* [What you should do] Nothing but the lines below from the one containing "Fig. 7 Washingtonia filifera, native palm" through the one containing "Art Students enjoy" should appear in the answer, exact and without pictures.

(Extracted data entries)
'''
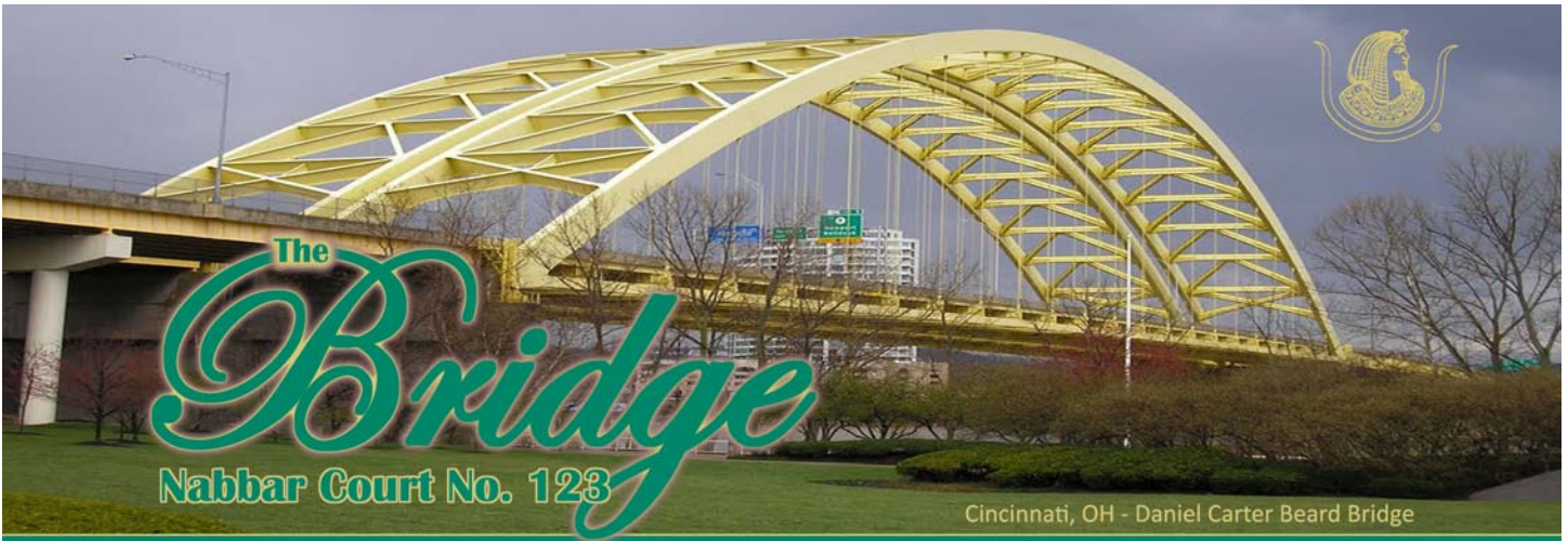
Cincinnati, OH - Daniel Carter Beard Bridge

DAUGHTERS OF ISIS • OASIS OF ATLANTA • DESERT OF GEORGIA • SEVENTEENTH EDITION – VOL 7:2, 2011
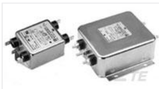
TE Part #6609044-1 3VW1=F7254 S0
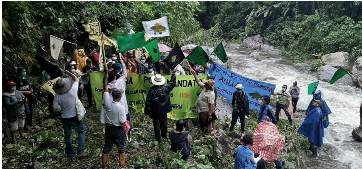
Figure 6. Residents protesting against the Jilmito Hydroelectric Project in Arizona, Atlántida.

dispossessing Indigenous and community members of their lands and access to safe potable drinking water.
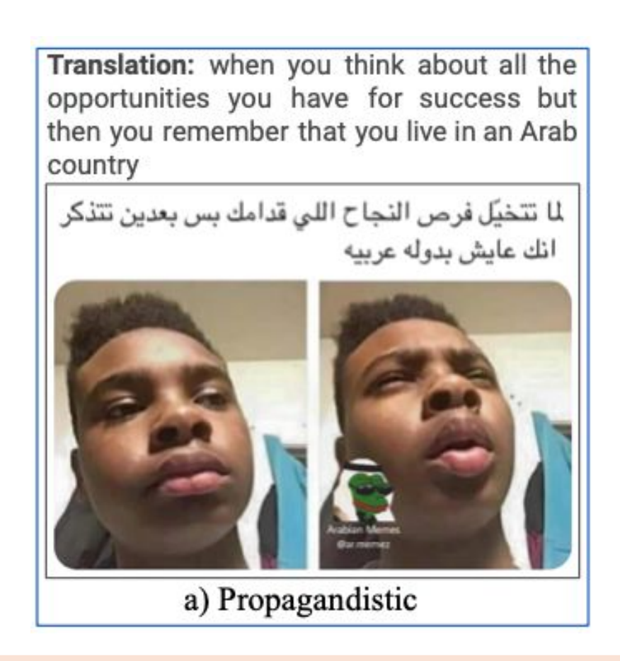
Task 2 : Given a meme (text overlayed image), detect whether the content is propagandistic.
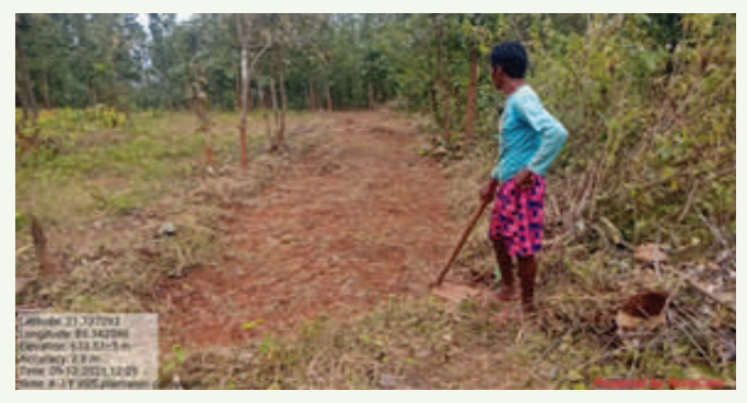
Fire Line creation work at Panasuan ANR plantation site in BJP FMU of Keonjhar Division

The summer season is the crucial time to take protective measures against forest fire incidences. Awareness creation, fire line tracing, cleaning and trenching are being carried out during this quarter in all VSSs. Timely creation of fire lines,
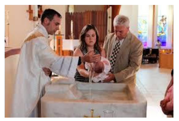
Baptism – a Christian naming ceremony
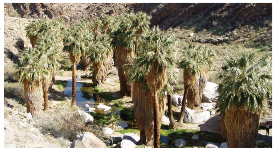
Fig. 7 Washingtonia filifera, native palm
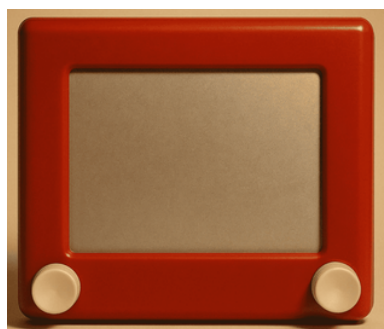
Etch a Sketch
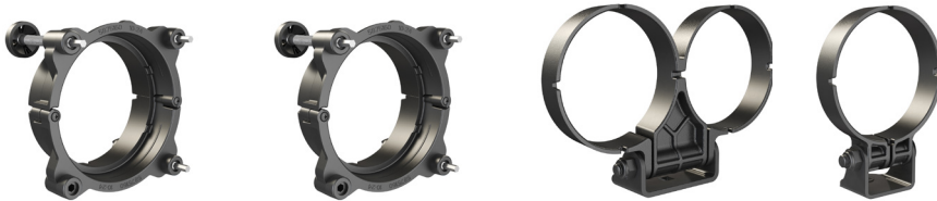
3-point Mount 1.5mm
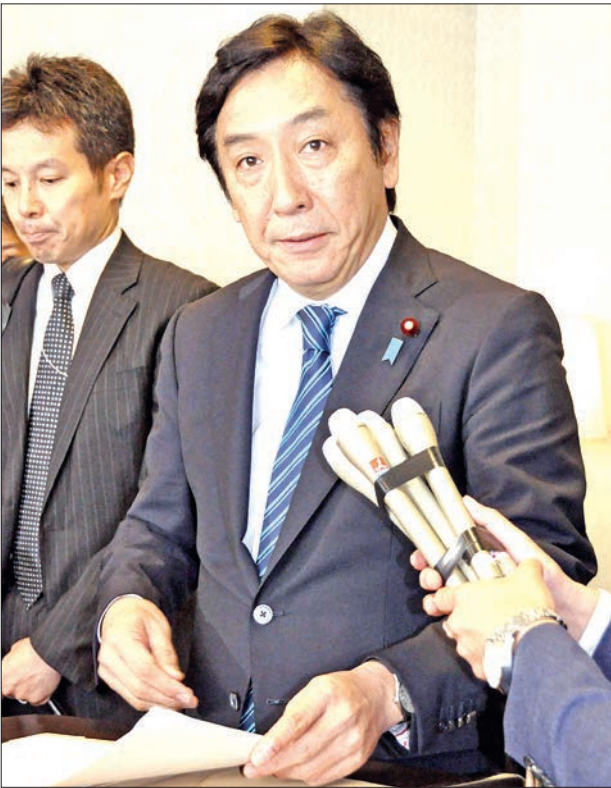
Economy, Trade and Industry Minister Isshu Sugawara.

“Every (Japanese) automaker continues to make efforts to be the best
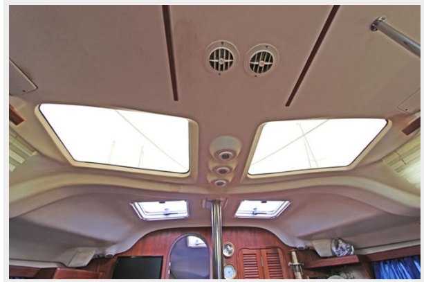
Salon Skylights To Provide Plenty Of Natural Lighting
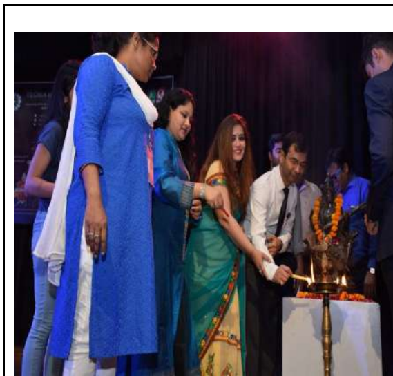
Lamp Lightening Ceremony.
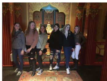
Art Students enjoy a trip to the Newark Museum on 3/23
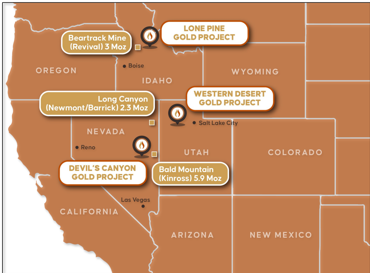
Figure 1 - Diablo Resources, United States of America (USA) project portfolio, located in the mining friendly states of Utah, Nevada and Idaho.

Diablo Resources Ltd (ASX: DBO) is pleased to update the market on exploration activities at its three USA Projects, located in some of the most prospective gold and base-metal regions globally.
'''
* [Written answer]
Fig. 7 Washingtonia filifera, native palm
Etch a Sketch
3-point Mount 1.5mm
Economy, Trade and Industry Minister Isshu Sugawara.

“Every (Japanese) automaker continues to make efforts to be the best
Salon Skylights To Provide Plenty Of Natural Lighting
Lamp Lightening Ceremony.
Art Students enjoy a trip to the Newark Museum on 3/23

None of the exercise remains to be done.